No pictures belong in the copy. Retype exactly, and only, the stretch of lines below from the one with "为深入学习贯彻习近平新时代中" through the one with "มื้อเย็นวันนี้".

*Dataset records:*
================
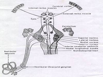 شكل رقم (5 ): الفرع التوازني للعصب الثامن وارتباطاته المتعددة في الدماغ وجذعه والجهاز المنشط الشبكي
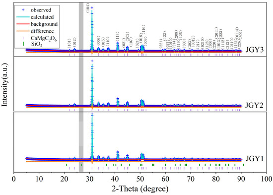 The X-ray diffraction spectrum often reflects information about the composition of a mineral. Three samples of “Jin Gao Yu” were tested using X-ray diffraction spectroscopy, and the results are shown in Figure 7. The XRD results of the sample are consistent with those of dolomite PDF#36-0426. The strongest 2-Theta peak at 30.938° correspond to the crystal plane 104 of dolomite, and the following stronger peaks at 41.127°, 50.526°, 51.068°, and 44.949° correspond to the crystal planes 113, 018, 116, and 202 of dolomite, respectively. Meanwhile, the characteristic peak d values of 0.28845 nm, 0.28831 nm, and 0.28871 nm for the sample of “Jin Gao Yu” (104) are within the range of the characteristic peak d values of dolomite 104 (0.2854–0.2912 nm) [23], indicating that the different colors of the “Jin Gao Yu” and dolomite basically have the same crystal structure. In addition, there is a weak diffraction peak at a d value of 0.33445 nm (as shown in gray bar of Figure 7), which is weakly expressed in JGY1 and JGY2, while the peak is more pronounced in JGY3. This peak was matched to be the diffraction peak of quartz (the standard card of quartz in Figure 7 is PDF#46-1045).
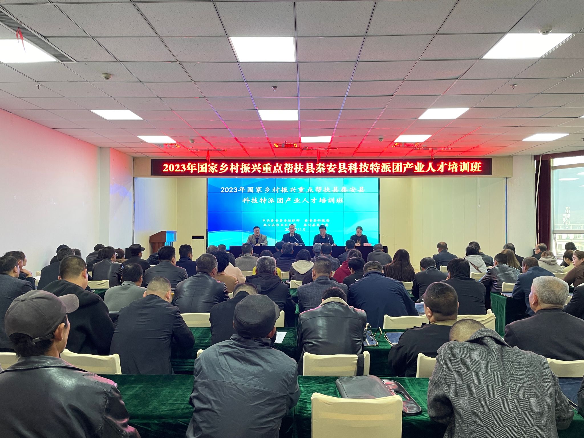 为深入学习贯彻习近平新时代中国特色社会主义思想和党的二十大精神,全面落实中组部等部委关于“组团式”帮扶工作电视电话推进会议和省委组织部调度会议精神,深入推动“组团式”帮扶工作向基层延伸,切实提升基层农村科技型人才综合素质,充分发挥科技人才在社会经济发展、农民增收致富中的示范带动作用,进一步巩固拓展脱贫攻坚成果,有效衔接乡村振兴。11月8日,2023年秦安县科技特派团产业人才培训班开班。县委组织部、县科技局、县农业农村局、县果业局等有关部门负责人,17个镇的专业技术人员、乡土人才、企业合作社负责人等100余人参加开班仪式。
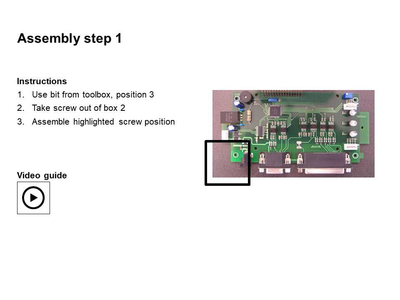 Se crea una presentación de PowerPoint con pasos de montaje individuales para cada componente. La flexibilidad de Power Point significa que hay opciones de visualización versátiles disponibles: se pueden agregar textos, imágenes, videos o archivos de audio con facilidad. Se puede configurar cualquier número de componentes o grupos de productos, ¡y todo sin conocimientos de programación!
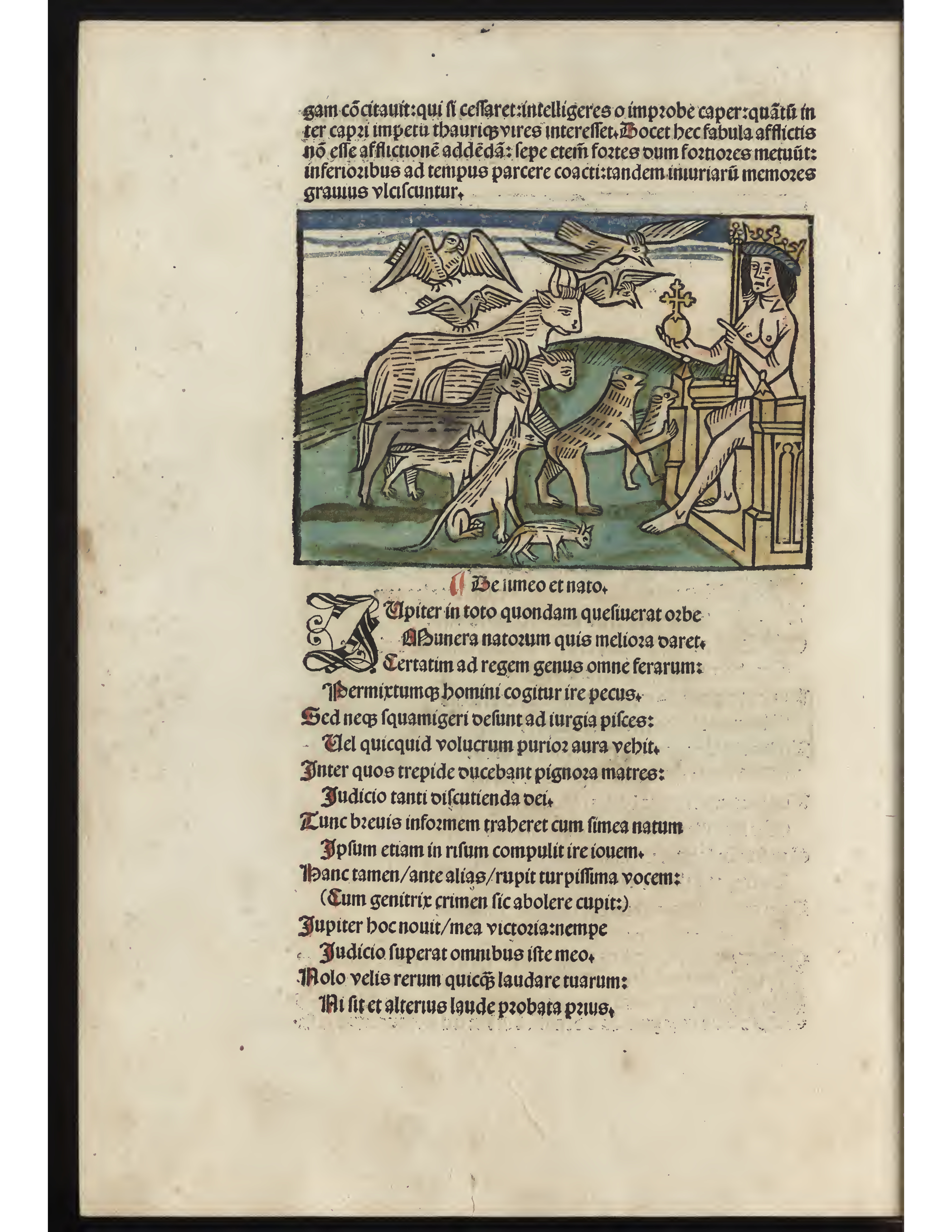 - A naked man who appears to be a king sits on a throne wearing a crown and holding a scepter. The whole animal kingdom appears before the man, who is instructing the animals.
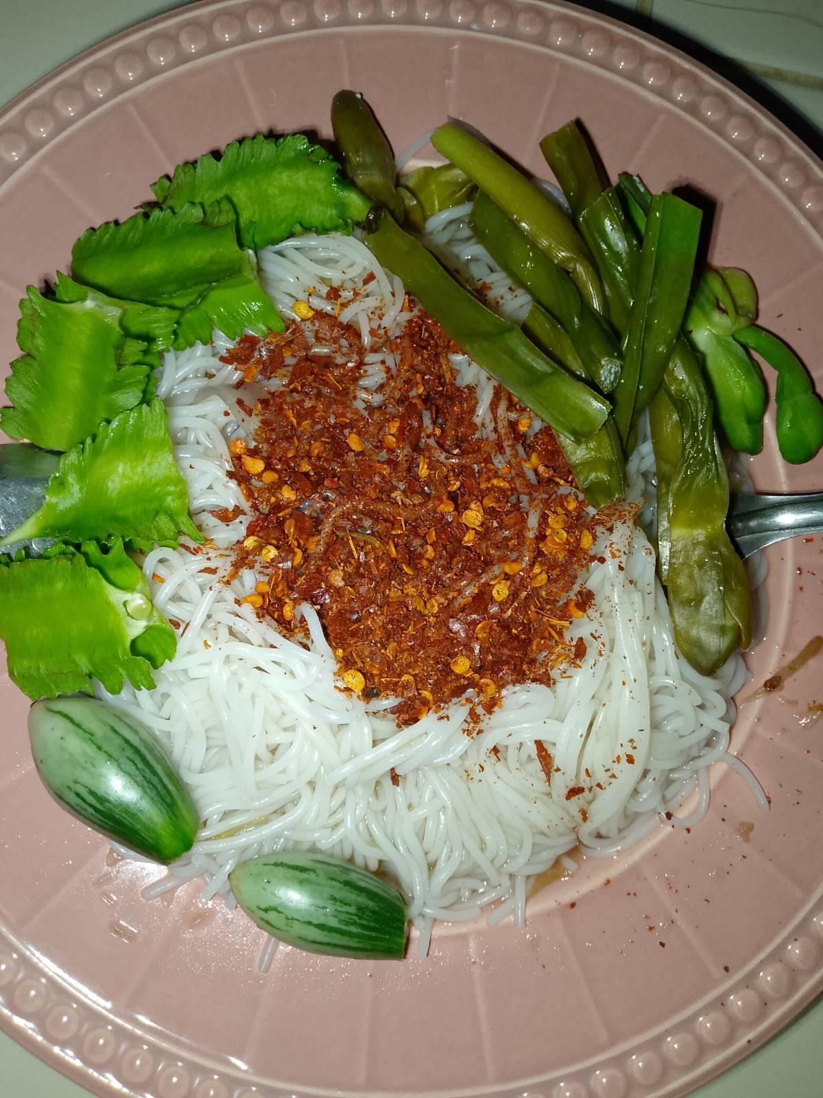 มื้อเย็นวันนี้(09/10/2568)กับเมนู"ขนมจีนน้ำปลาร้า" กันครับ😊😊😊🥰
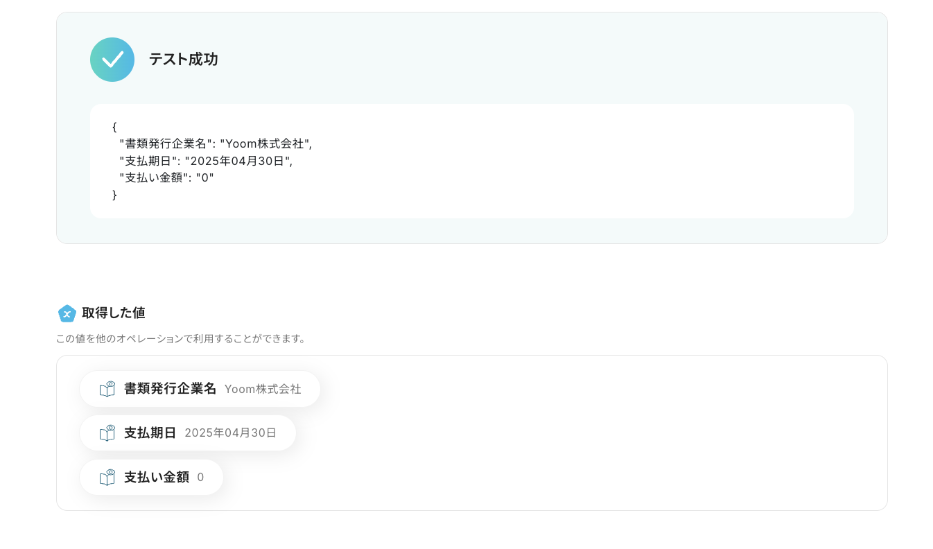※YoomのOCR機能では、アクション記載の規定の文字数を超えるデータや、文字が小さすぎる場合に正しく読み取れないことがあります。文字数や文字の大きさには少し余裕を持たせてご利用ください。
================
*Output of the exercise:*
 为深入学习贯彻习近平新时代中国特色社会主义思想和党的二十大精神,全面落实中组部等部委关于“组团式”帮扶工作电视电话推进会议和省委组织部调度会议精神,深入推动“组团式”帮扶工作向基层延伸,切实提升基层农村科技型人才综合素质,充分发挥科技人才在社会经济发展、农民增收致富中的示范带动作用,进一步巩固拓展脱贫攻坚成果,有效衔接乡村振兴。11月8日,2023年秦安县科技特派团产业人才培训班开班。县委组织部、县科技局、县农业农村局、县果业局等有关部门负责人,17个镇的专业技术人员、乡土人才、企业合作社负责人等100余人参加开班仪式。
 Se crea una presentación de PowerPoint con pasos de montaje individuales para cada componente. La flexibilidad de Power Point significa que hay opciones de visualización versátiles disponibles: se pueden agregar textos, imágenes, videos o archivos de audio con facilidad. Se puede configurar cualquier número de componentes o grupos de productos, ¡y todo sin conocimientos de programación!
 - A naked man who appears to be a king sits on a throne wearing a crown and holding a scepter. The whole animal kingdom appears before the man, who is instructing the animals.
 มื้อเย็นวันนี้(09/10/2568)กับเมนู"ขนมจีนน้ำปลาร้า" กันครับ😊😊😊🥰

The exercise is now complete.